Training at these paces is perfect for improving your VO2 Max. Bear in mind that sessions including repetitions at this pace are tough.
As a general guide, the slower pace is suitable for repetitions between 3 and 6 minutes, and the faster pace is suitable for repetitions between 1 and 4 minutes.
This pace is approximately what you could expect to maintain for two to four minutes.
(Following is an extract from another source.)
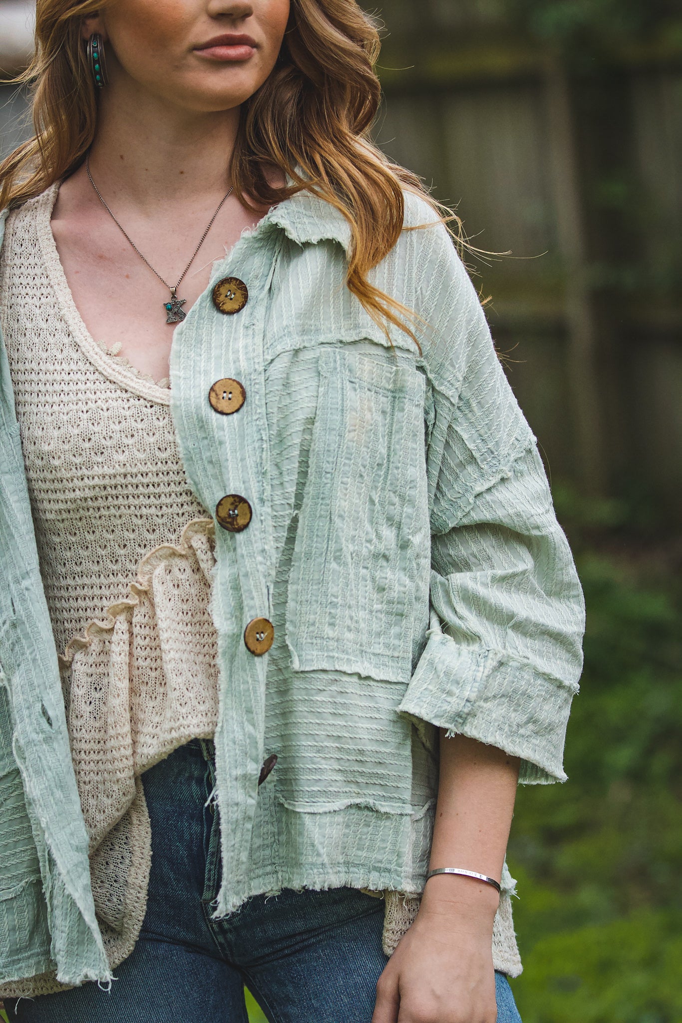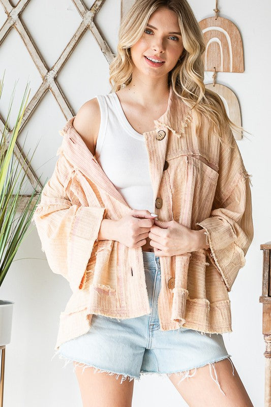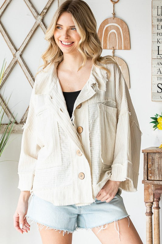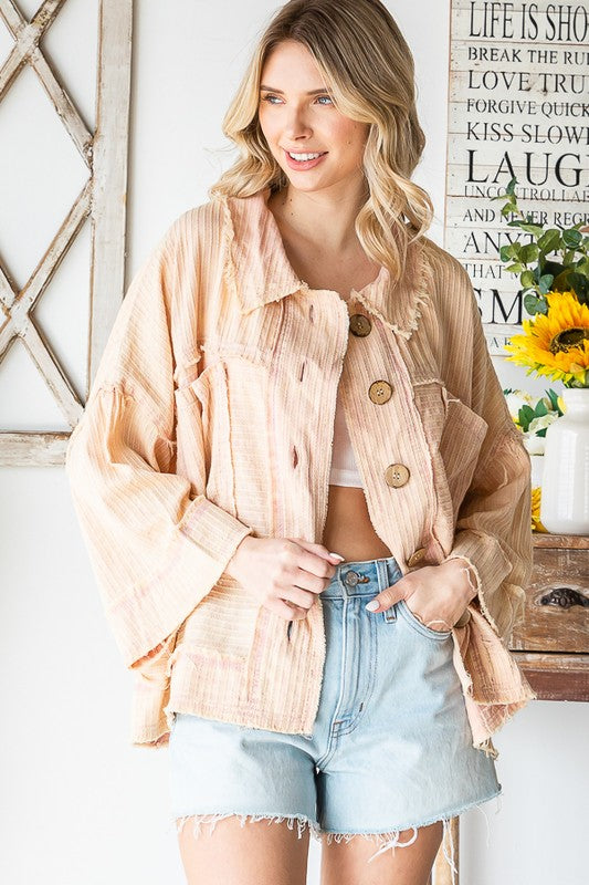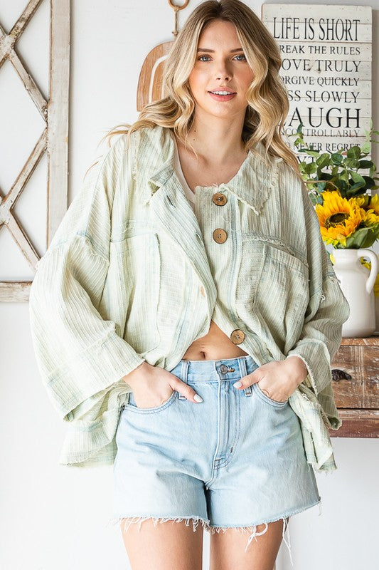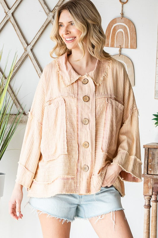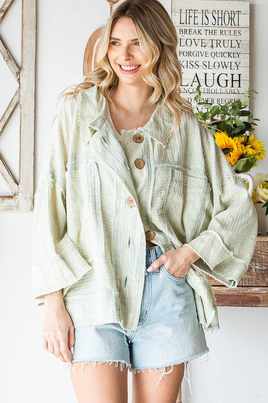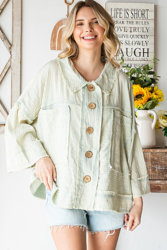 Introducing the Fella Kat Washed Wooden Button Shacket! Get the best of both worlds with a relaxed fit and oversized wooden buttons for that extra touch of style. Step up your fashion game with this unique and playful piece.

Some distance runners may find these paces challenging, or even impossible, to hit. Speed tends to decline more quickly and more drastically than endurance as we get older, so there may be some difference in how older runners perceive these sessions compared to younger runners. If you find yourself struggling with the prescribed paces, then simply concern yourself with running at any pace that feels "fast".
This is simply the pace required to run the distance and time entered.
It's really important to include sessions at race pace, but this is often overlooked by many runners. Biomechanics, muscle recruitment, energy use, coordination, and a range of other factors are all unique to a particular pace. Runners typically focus on training energy systems such as VO2 max and anaerobic threshold, and that should be the main focus over the longer term, but those runners who don't incorporate race pace training into their plan are missing a trick.
Your goal for race pace sessions is essentially to spend lots of time running at race pace. These don't necessarily need to be tough sessions. For example, an hour of running alternating five minutes at easy pace and five minutes at half marathon pace should not be challenging, but will provide 30 minutes of race pace practice.
This is running performed at, or close to, your maximum speed. While this type of running isn't of particular importance to distance runners, there are several benefits to be enjoyed from including basic speed in at least some of your sessions.
See our article on strides for a comprehensive review of the benefits of strides and tips on how to incorporate them into your training.
Paces for hills and hilly runs
Running by paces is all very well, but hills upset our careful calculations. On gentle hills you can use your judgement and target the slower end of the range for uphill running and the faster end of the range for downhill running. For steeper hills it's best just to run by effort.
You'll notice that the pace ranges given do not cover all possible paces from the slow end of "easy/long" to the fast end of "speed endurance". That's not to say that these paces can't be useful. Certainly, including a wide range of paces in your training can be beneficial, and there will be overlap in the energy systems that are trained by any type of running. However, you tend to get more out of training if you focus on one thing at a time, so the majority of your training should be done withing the prescribed ranges, including your race pace(s).